Prof. Flueckiger’s Design-Build Research at Texas Tech


Urs Peter “Upe” Flueckiger, Texas Tech

Professor Flueckiger of the College of Architecture at Texas Tech has led collaborations with the Colleges of Engineering and Art to advance Design-Build Housing as an interdisciplinary pedagogical platform that provides students first-hand experiences with how housing size, shape, materials, and construction relate to human experience, renewable energy sources, and resilience. Pilot (built) projects include an award-winning Artist studio and NGO space, and an experimental housing type called The Sustainable Cabin. Flueckiger’s most recent book “How Much House? Thoreau, Le Corbusier, and the Sustainable Cabin” (2016) draws on a rich archival and field-based analysis of how small housing systems are material and cultural constructs that shape and are shaped by context.

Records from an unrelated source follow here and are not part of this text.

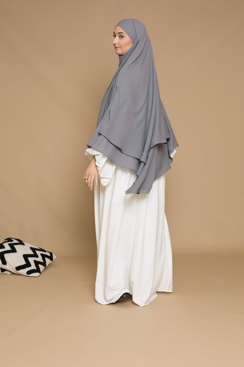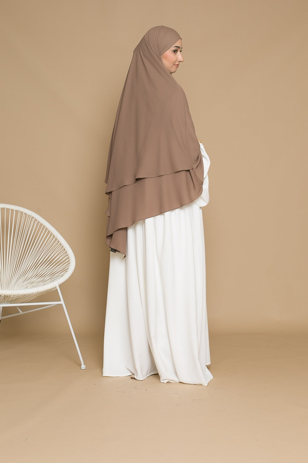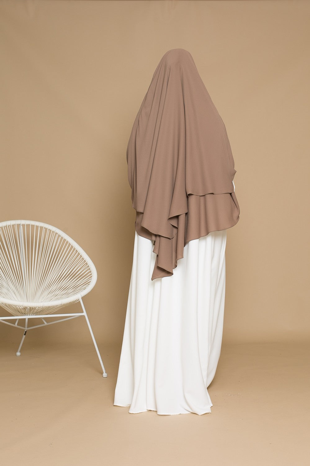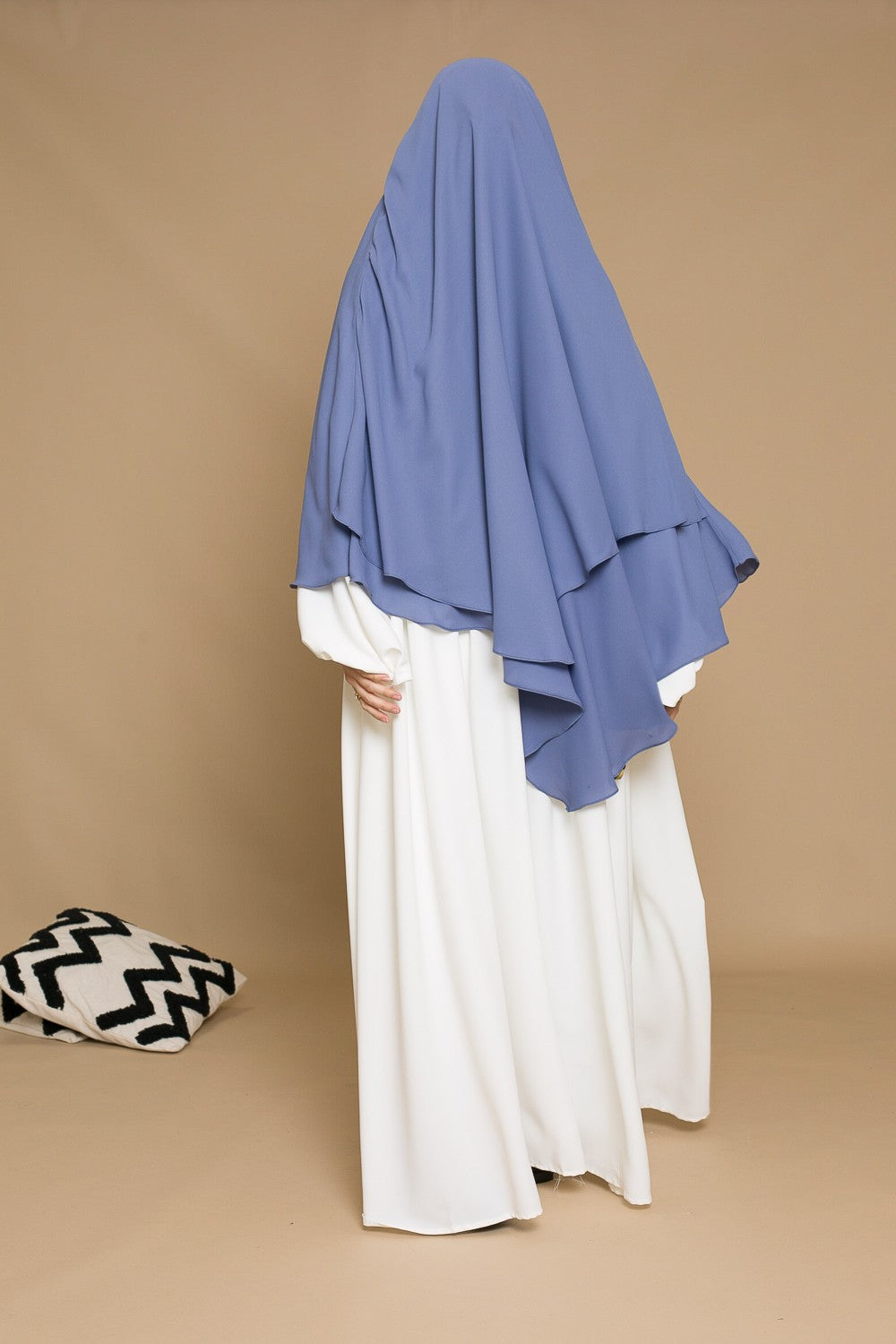 Le khimar double voile est conçu pour celles qui recherchent une touche d'originalité. Composé de deux couches de tissu légère à l'arrière, il assure une opacité optimale tout en restant fluide et confortable. Sa conception élégante en fait un choix privilégié pour la prière, les visites à la mosquée ou les événements religieux.
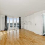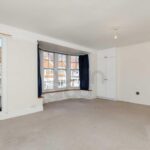 Sash bay window to the front, with glazed door on one side providing access out onto balustraded balcony, fitted storage, radiator.
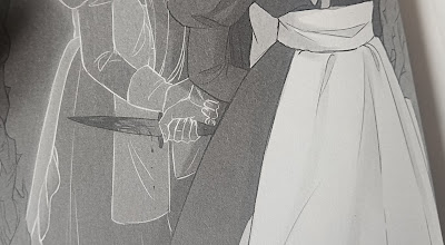 Laia López se pone hoy un poco turbia para traernos una ilustración de una maid tétrica del siglo I, ¿a quién no le va a gustar? La vemos con su uniforme impoluto pero oh no, el reflejo del espejo... Ni si uniforme está impoluto, ni viene de limpiar la plata ¡Claramente viene de hacer tostadas de mantequilla y mermelada! ¡Su cuchillo lo demuestra! ¡¡Que alguien detenga a esa loca!!
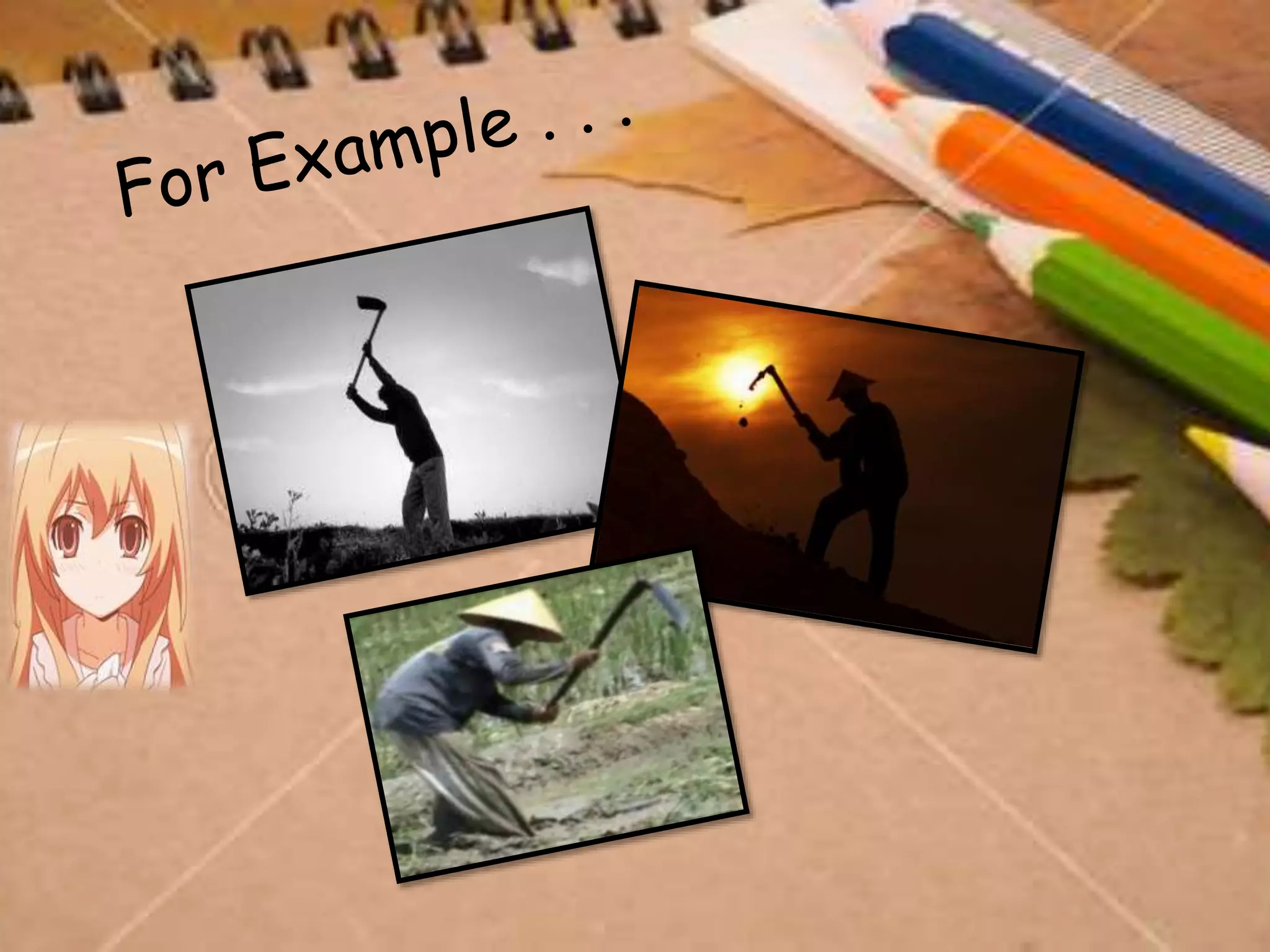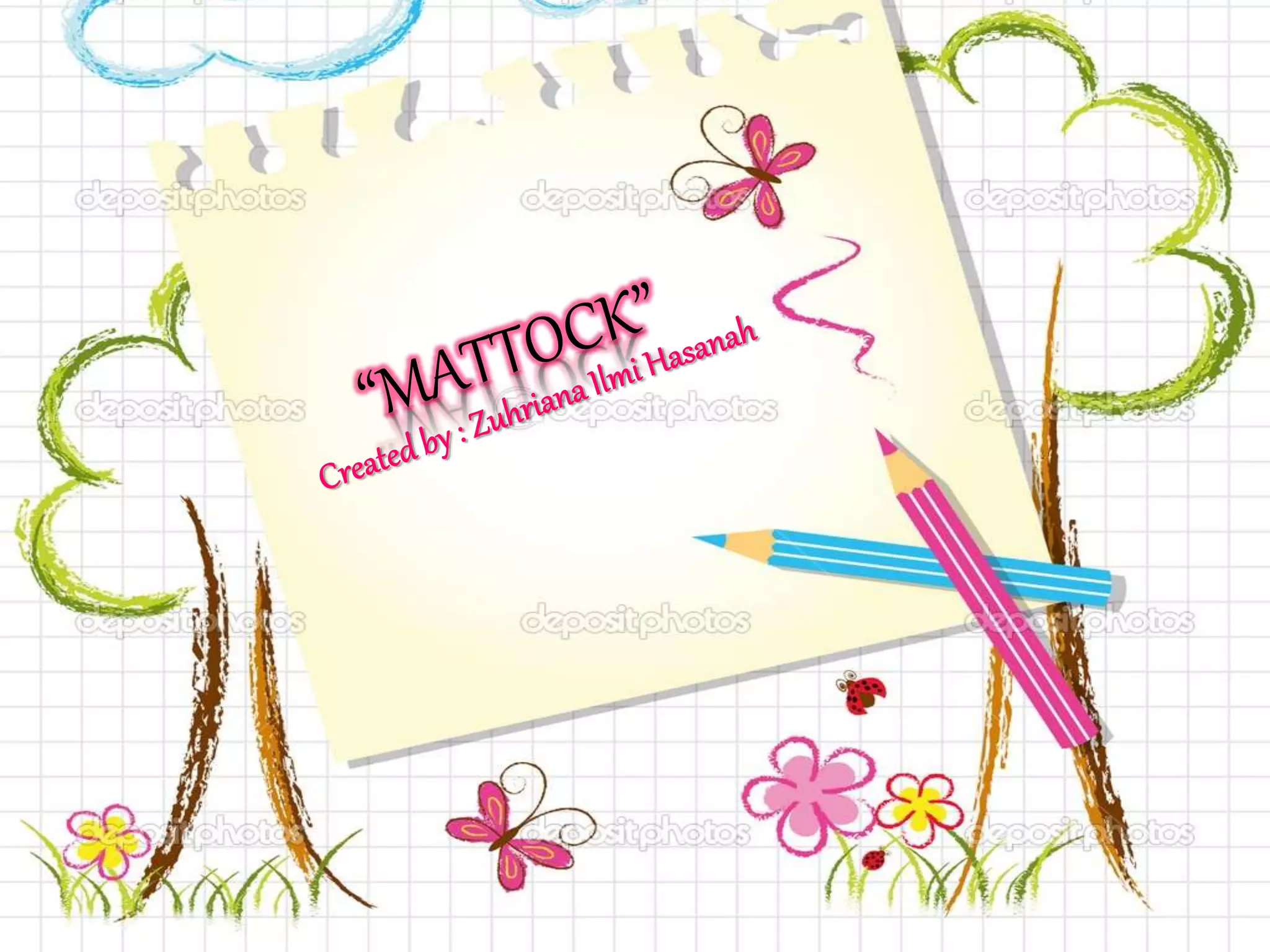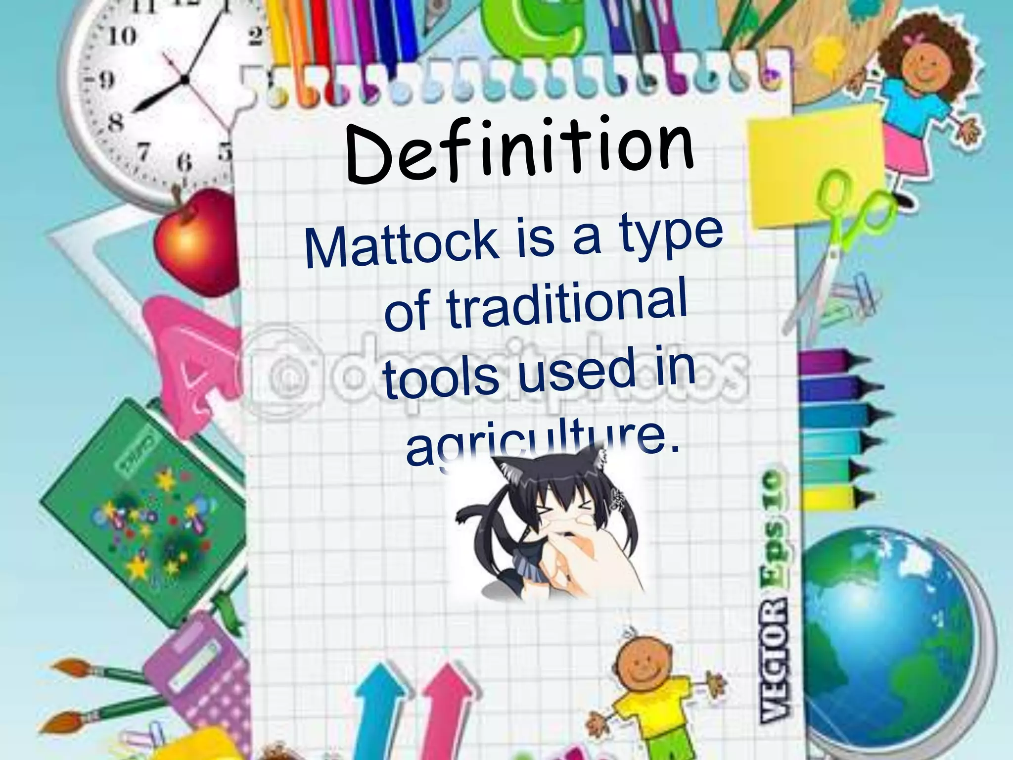 The mattock is a tool used by farmers for digging soil. It has a long oval wooden handle and a flat rectangular iron head. Farmers hold the mattock tightly and use their body as a fulcrum to lift and throw the head into the ground, pulling it back to dig and loosen the soil in paddy fields. The mattock is an important tool for farmers to work the land.
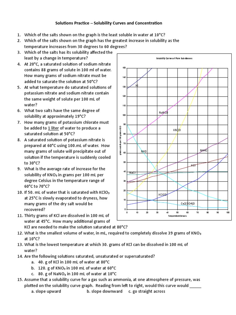 Solutions Practice – Solubility Curves and Concentration
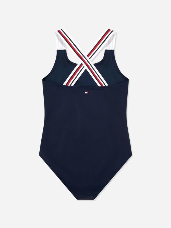 From Tommy Hilfiger, this girls’ cross-back Swimsuit in navy brings a clean, considered look to swim days, whether she’s heading to the pool or packing for a sunny holiday. The cross-back design adds a subtle style detail while supporting easy movement in and out of the water, making it a practical choice for active young swimmers.
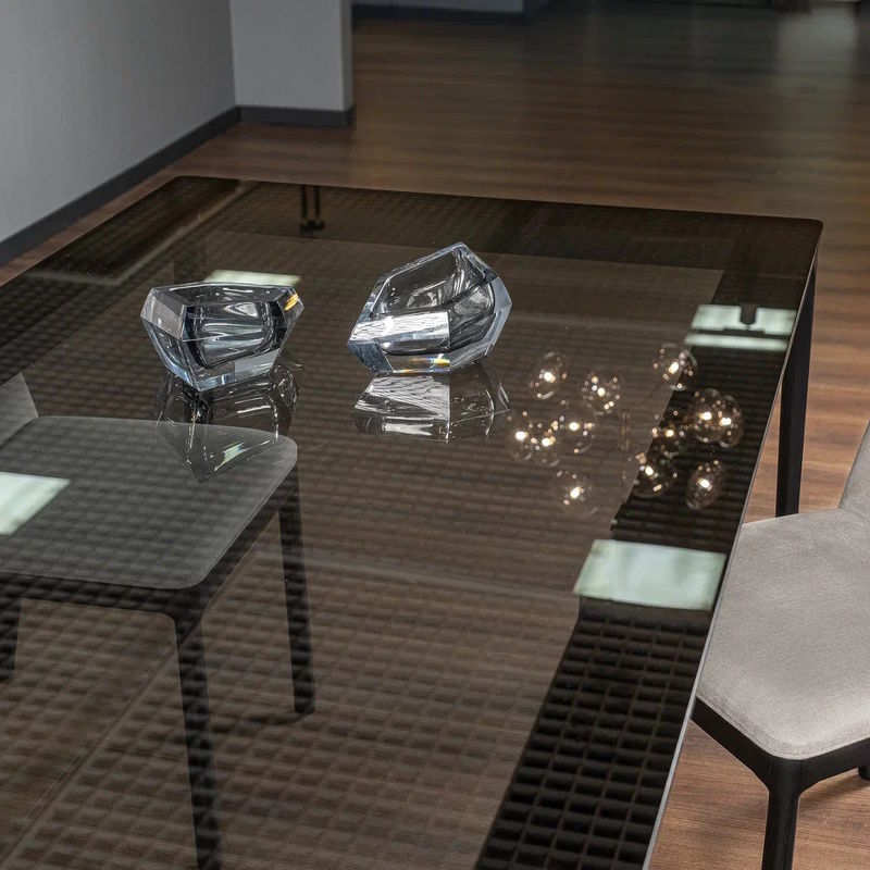 Обеденный стол Easy, отделка nero, дымчатое стекло

Urs Peter Flueckiger is a registered architect and a member of the Swiss Society of Engineers and Architects (SIA), and has practiced architecture internationally in Europe, North America, and Japan. Flueckiger is an expert on the cultural meaning and construction systems of modular housing, with particular focus on low-cost and ecological housing types. Flueckiger’s Master of Architecture thesis, Premanufactured Housing, or, Living in 6 1/2 ounces of pure architecture, examines the intersection between industry, domesticity, and modernity.